Working in painted steel, Whiting distills the visual language of early video games into geometric, sculptural compositions. The result is both nostalgic and modern—where flat pixels gain dimension, and error becomes a source of beauty. Glitch reflects on how technology and memory intersect, asking what remains when the virtual becomes tangible.
Mike Whiting is a sculptor whose work merges minimalism, pop culture, and industrial craft. His large-scale installations and public artworks have been exhibited nationally, known for transforming digital aesthetics into bold physical forms that invite play and reflection.
Mike Whiting
April 2025
Photography-based artist Alexandra Fuller presents a series of hand-printed cyanotypes and photographs created entirely on-site. Rejecting digital compositing, Fuller embraces the elemental process of light, chemistry, and touch to explore environmental loss, imagined resilience, and the possibility of renewal.
At the center of the installation, an interactive rotating cube invites viewers to engage physically with her work—revealing new cyanotype images with every turn.

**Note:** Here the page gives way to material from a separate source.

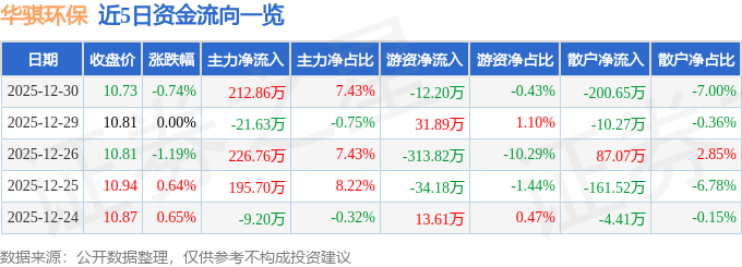 证券之星消息,截至2025年12月30日收盘,华骐环保(300929)报收于10.73元,下跌0.74%,换手率2.11%,成交量2.67万手,成交额2866.49万元。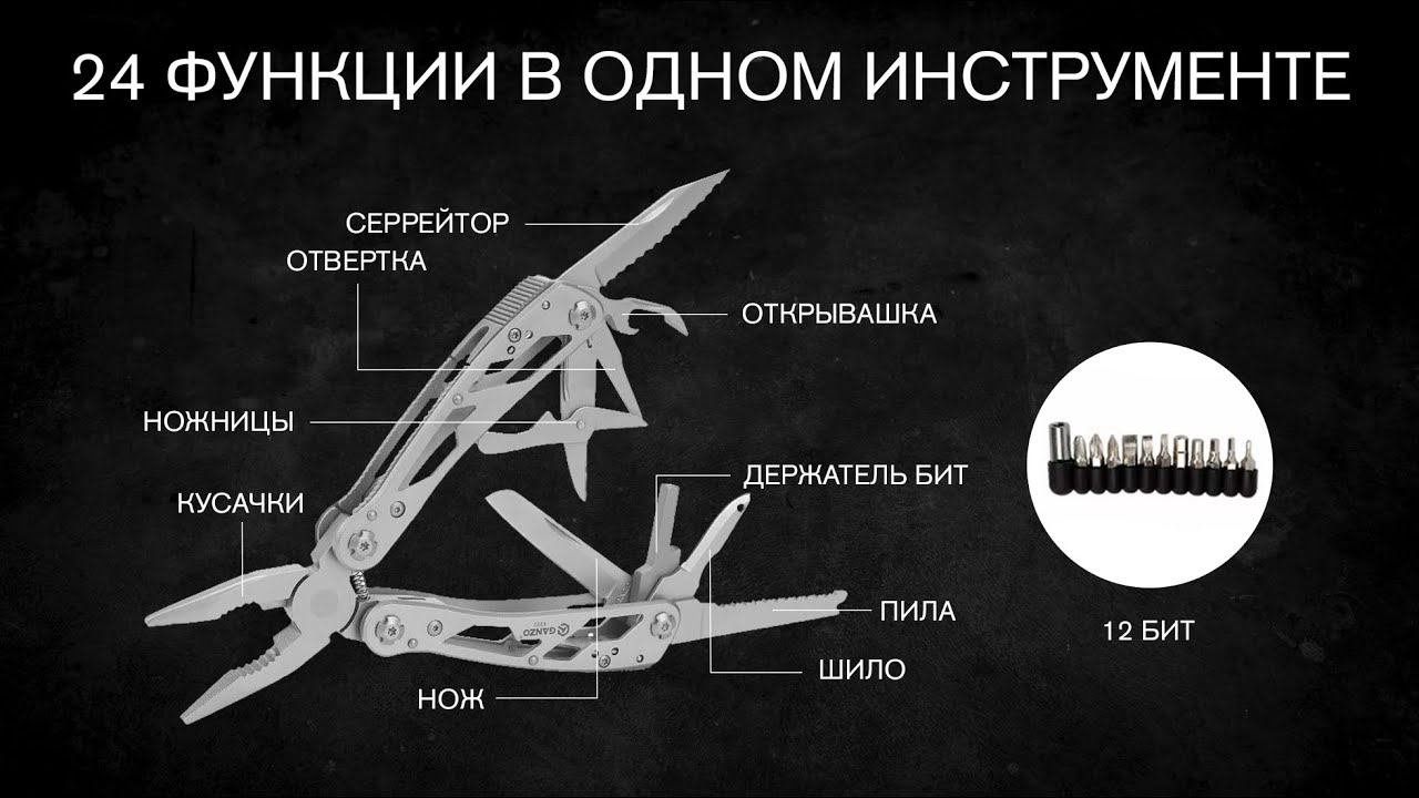 Стильный мультитул G202от компании Ganzo. Модель имеет продуманный дизайн и большой набор инструментов. В комплект входят следующие предметы: подпружиненные плоскогубцы с кусачками, два лезвия, одно из которых имеет серрейторную заточку, плоская отвертка небольшого размера, ножницы, ножовка по дереву, зенковка, удлинитель адаптера для бит открывалки для бутылок и консервов. Все инструменты изготовлены из нержавеющей стали 440С. Также в комплект мультитула G202входит набор бит из углеродистой стали. В набор, помимо адаптера, входят 3 плоских отвертки, 3 крестовых отвертки, 3 шестигранных ключа. В комплект входит чехол из синтетической ткани для переноски мультитула и бит на поясе. Кол-во инструментов: 24 Материалы: 440C нержавеющая сталь, Размер в сложенном сост.: длина: 10.5 см, ширина: 5 см, Толщина: 1.8 см Вес: 270 г. Функции: -кусачки -плоскогубцы -маленькая отвертка плоская -нож -нож с зубчатым лезвием -открывалка для бутылок -консервный нож -ножницы -для снятия изоляции -пила -шило -держатель бит -12 отверток (сменные насадки в комплекте) Эта модель будет отличным вариантом для походов, охоты, незаменимым инструментом в Вашей машине\квартире. Благодаря крепкому сплаву обладает большим ресурсом эксплуатации и надежности. Подробные характеристики и актуальную цену можно найти на нашем сайте ► https://avantmarket.ru/multitul-ganzo-g202/ Если у вас возникнут какие-либо вопросы или потребуется дополнительная помощь, пожалуйста, не стесняйтесь обращаться к нам. Мы всегда готовы помочь вам и сделать ваш опыт взаимодействия с нами еще более приятным. Наши контакты: https://avantmarket.ru/ Общие вопросы: info@avantmarket.ru По вопросам продаж: sales@avantmarket.ru Номера для связи: +7 (499) 553 04 15 +7 (931) 009 32 83

The piece acts as both sculpture and storytelling device, echoing the cyclical nature of destruction and regeneration in fragile landscapes. Created in collaboration with HawkWatch International, the project reflects a shared reverence for ecosystems on the brink and for the creative gestures that help us imagine their survival.
Alexandra Fuller is an artist based in rural Utah, living and working in what she describes as “the most remote town in the Lower 48.” Her practice explores impermanence, transformation, and resilience in communities facing change. Fuller was awarded the Utah Visual Artist Fellowship (2024) and works as a creative director with select brands in travel, tourism, and hospitality.